Para ganar tiempo, la NASA decidió apagar los instrumentos científicos de Swift, con el objetivo de ralentizar su descenso. Las observaciones del telescopio quedaron detenidas desde febrero. La jefa de misiones científicas de la agencia, Nicky Fox, defendió el esfuerzo al señalar que, si el observatorio reingresa a la atmósfera, se perdería una capacidad científica importante que actualmente no puede ser reemplazada con el presupuesto disponible.

El caso de Swift también podría abrir la puerta a futuras misiones de mantenimiento espacial.
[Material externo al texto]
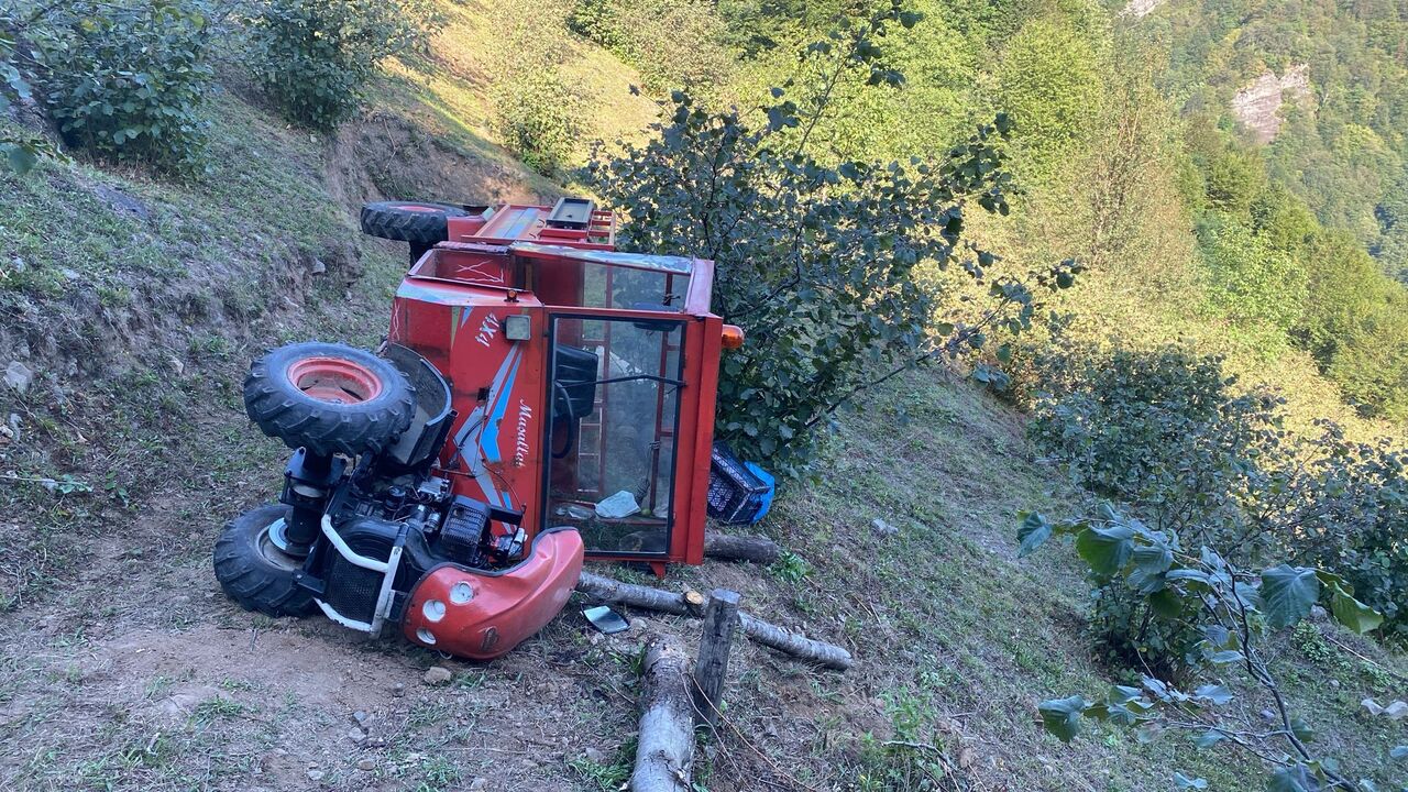 H.K'nin kullandığı pat-pat diye tabir edilen tarım aracı Fidancık mahallesi Sivritepe mevkiinde fındık bahçesinde kontrolden çıkarak devrildi.

Katalyst Space Technologies considera este rescate como el inicio de un nuevo modelo de servicios en órbita, con robots capaces de reparar, elevar, reabastecer e incluso apoyar la construcción de infraestructura espacial en el futuro.

El antecedente más cercano de una operación similar fue realizado por China, que hace cuatro años logró impulsar un satélite hacia una órbita cementerio más alta. De concretarse, esta sería la primera misión estadounidense de este tipo realizada con un robot espacial.

El Telescopio Espacial Hubble también podría beneficiarse de estas tecnologías. Al igual que Swift, Hubble pierde altitud debido a la actividad del Sol, aunque su tamaño es mucho mayor. El director general de Katalyst, Ghonhee Lee, señaló que una próxima generación de robots, aún en desarrollo, podría ayudar a extender la vida útil de Hubble dentro de algunos años.

El Hubble, con 36 años de operación, fue atendido en varias ocasiones por astronautas durante la era de los transbordadores espaciales. Ahora, una futura maniobra de impulso podría realizarse en 2028 mediante tecnología robótica. Para la NASA, se trata de un observatorio de enorme valor científico y simbólico, considerado por sus responsables como un verdadero tesoro nacional.